# saltist 30



## BAYSLA-ER757 (Oct 26, 2009)

whats the best way to trick out saltist 30


----------



## AL_N_VB (Apr 3, 2002)

clean and re-lube the bearings ( All in 1 ). Clean and upgrade the drag washers <- upgrade to Carbontex drag washers. Apply Cal's grease to the drag washers. 

Reel out of the box is fine, just add add the red brake blocks, spool and tie on a shock leader. Makes sure the spool tension knob on the side is not locked down, you want a little side ways play in the spool. Too much play means its too loose and you will blow up. Too tight and you're burning up a bearing.


----------



## ematsuda (Feb 9, 2009)

Static mag it. Paint in the "Saltist" side plate engravement with red. That's all I did to mine and it looks and performs cherry.


----------



## BAYSLA-ER757 (Oct 26, 2009)

ematsuda said:


> Static mag it. Paint in the "Saltist" side plate engravement with red. That's all I did to mine and it looks and performs cherry.


where do i get that from??


----------



## AL_N_VB (Apr 3, 2002)

BAYSLA-ER757 said:


> where do i get that from??


Google: Small earth magnets.

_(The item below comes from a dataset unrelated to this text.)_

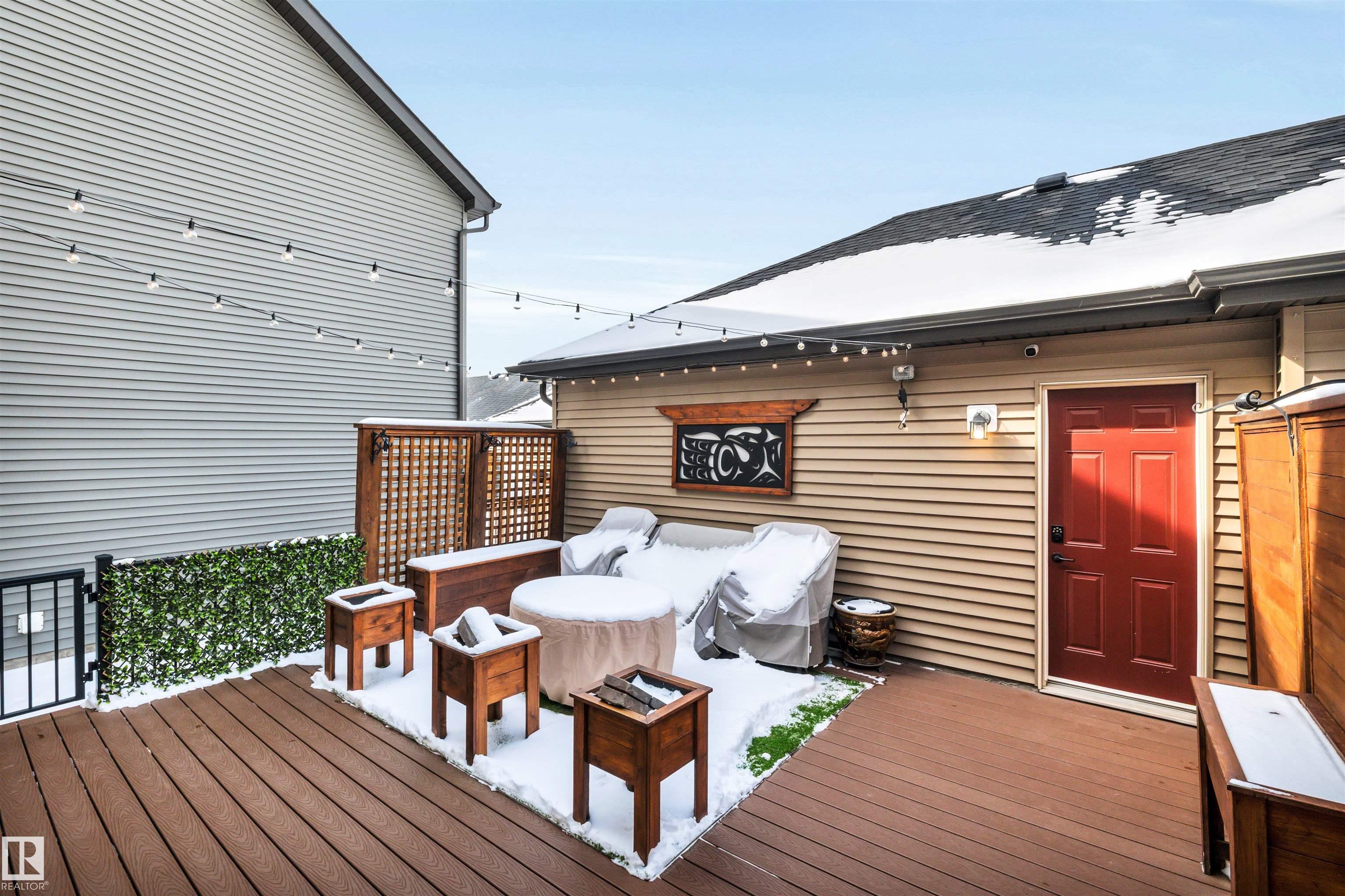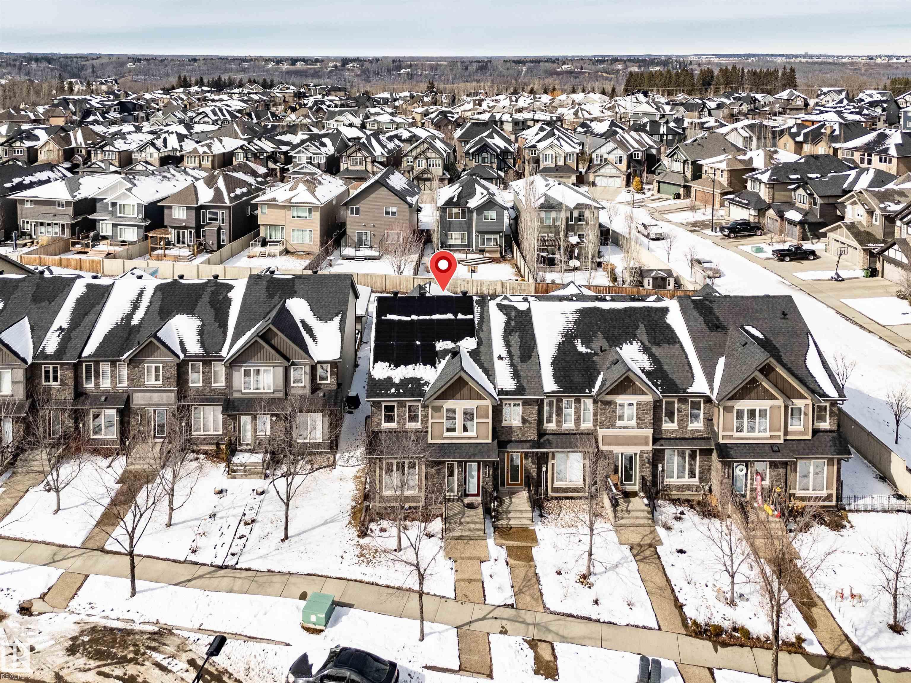 Welcome to prestigious Keswick on the River! This immaculately maintained END-UNIT Pacesetter townhome offers style, comfort, and NO condo fees. The open-concept main floor is perfect for modern living, while upstairs features 3 spacious bedrooms, including a primary suite with walk-in closet and ensuite. Upgrades include SOLAR PANELS, air conditioning, water softener, upper laundry, extra-wide staircases, and enhanced closet storage. The kitchen boasts granite counters, ample cabinetry, and an extensive island. Basement stairwell is drywalled & carpeted, ready for future development. Enjoy the summer in the beautiful PRIVATE, low-maintenance yard with composite deck, privacy lattice, and gas line. Double detached garage, plus driveway for 2 more vehicles. Keswick is a coveted, quiet community adjacent to our gorgeous river valley featuring extensive paved walking/biking trails to ravines & ponds, close to all amenities, dining, shopping, gyms & the Windermere Golf & Country Club.

Don't get the ones from radio shack, they rust. 
Do a search on P&S.. there's pictorials and post on how to "static mag a reel".


----------



## spiderhitch (Nov 9, 2005)

BAYSLA-ER757 said:


> where do i get that from??


i got a whole bunch of earthmagnets that i was getting ready to throw in the trash yesterday,i no longer need them you can have them if you want atleast someone will put them to good use...


----------